- Required work: The listing is to be reproduced exactly, excluding its pictures.

- Data below:
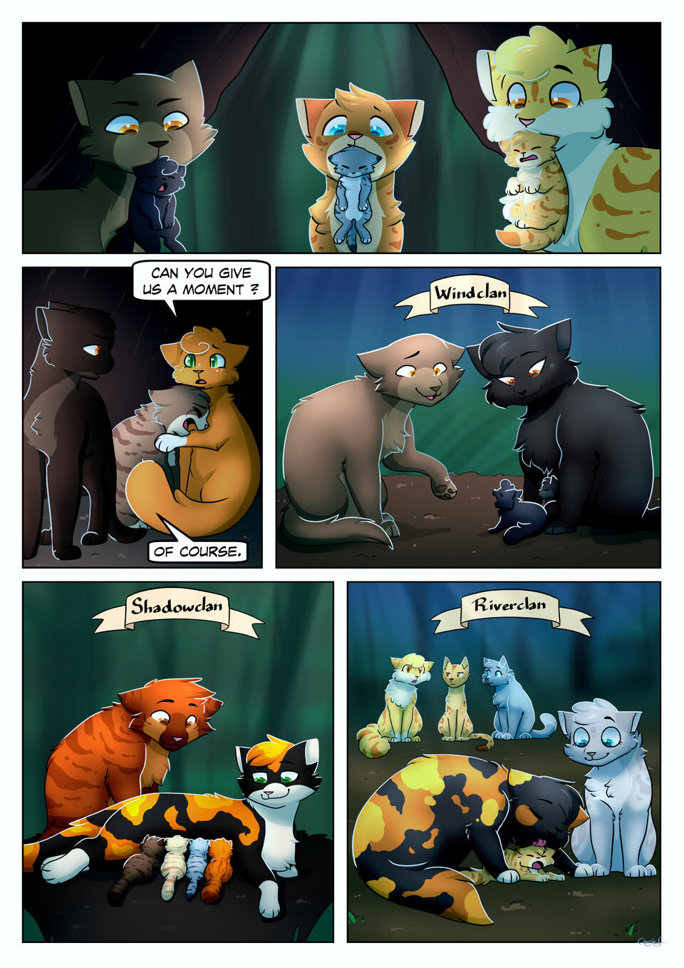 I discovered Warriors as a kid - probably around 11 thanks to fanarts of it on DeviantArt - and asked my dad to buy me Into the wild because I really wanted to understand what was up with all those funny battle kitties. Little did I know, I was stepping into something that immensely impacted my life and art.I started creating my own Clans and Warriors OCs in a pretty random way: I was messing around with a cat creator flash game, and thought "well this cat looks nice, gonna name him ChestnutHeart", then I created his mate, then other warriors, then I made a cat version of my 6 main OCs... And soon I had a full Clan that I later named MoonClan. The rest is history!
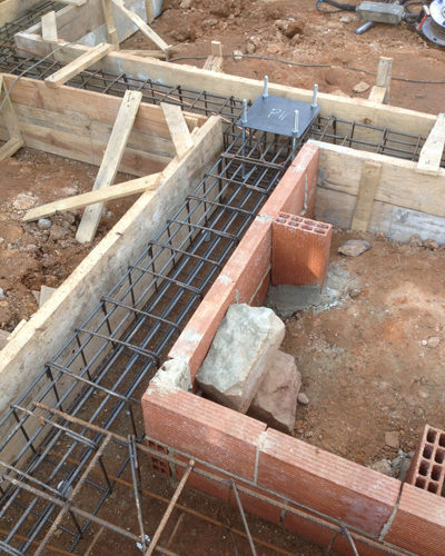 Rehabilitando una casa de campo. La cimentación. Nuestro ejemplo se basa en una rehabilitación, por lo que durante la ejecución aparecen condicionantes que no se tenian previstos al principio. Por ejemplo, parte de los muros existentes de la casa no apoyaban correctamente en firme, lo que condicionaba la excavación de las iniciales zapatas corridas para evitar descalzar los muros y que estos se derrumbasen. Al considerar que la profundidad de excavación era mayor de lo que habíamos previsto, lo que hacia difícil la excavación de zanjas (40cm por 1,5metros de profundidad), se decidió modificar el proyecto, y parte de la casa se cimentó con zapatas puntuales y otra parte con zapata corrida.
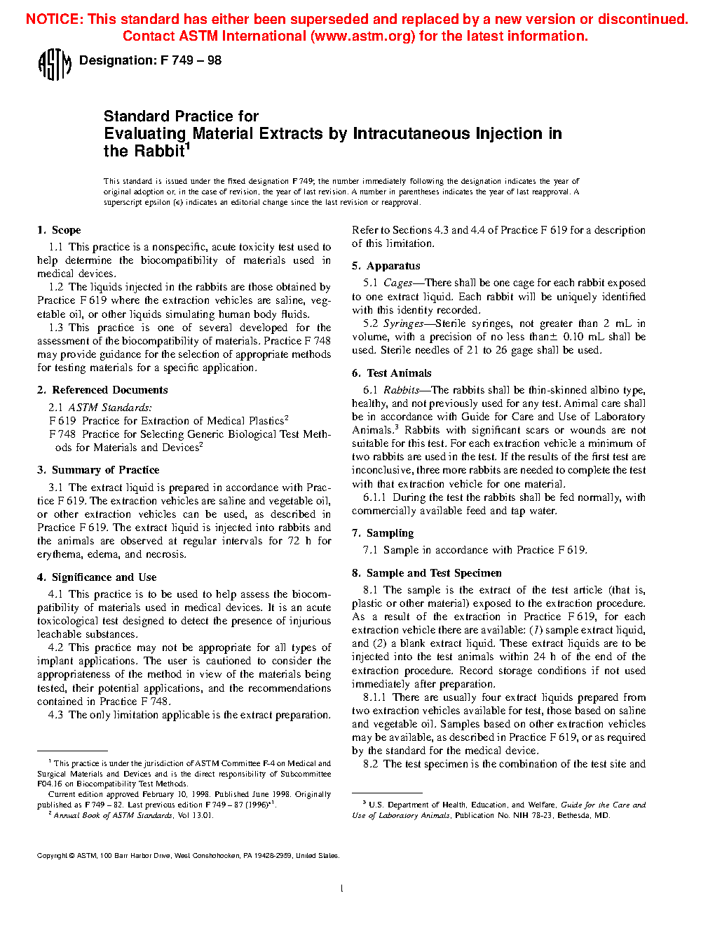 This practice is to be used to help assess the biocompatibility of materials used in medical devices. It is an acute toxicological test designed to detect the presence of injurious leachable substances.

- Response to the task:
 I discovered Warriors as a kid - probably around 11 thanks to fanarts of it on DeviantArt - and asked my dad to buy me Into the wild because I really wanted to understand what was up with all those funny battle kitties. Little did I know, I was stepping into something that immensely impacted my life and art.I started creating my own Clans and Warriors OCs in a pretty random way: I was messing around with a cat creator flash game, and thought "well this cat looks nice, gonna name him ChestnutHeart", then I created his mate, then other warriors, then I made a cat version of my 6 main OCs... And soon I had a full Clan that I later named MoonClan. The rest is history!
 Rehabilitando una casa de campo. La cimentación. Nuestro ejemplo se basa en una rehabilitación, por lo que durante la ejecución aparecen condicionantes que no se tenian previstos al principio. Por ejemplo, parte de los muros existentes de la casa no apoyaban correctamente en firme, lo que condicionaba la excavación de las iniciales zapatas corridas para evitar descalzar los muros y que estos se derrumbasen. Al considerar que la profundidad de excavación era mayor de lo que habíamos previsto, lo que hacia difícil la excavación de zanjas (40cm por 1,5metros de profundidad), se decidió modificar el proyecto, y parte de la casa se cimentó con zapatas puntuales y otra parte con zapata corrida.
 This practice is to be used to help assess the biocompatibility of materials used in medical devices. It is an acute toxicological test designed to detect the presence of injurious leachable substances.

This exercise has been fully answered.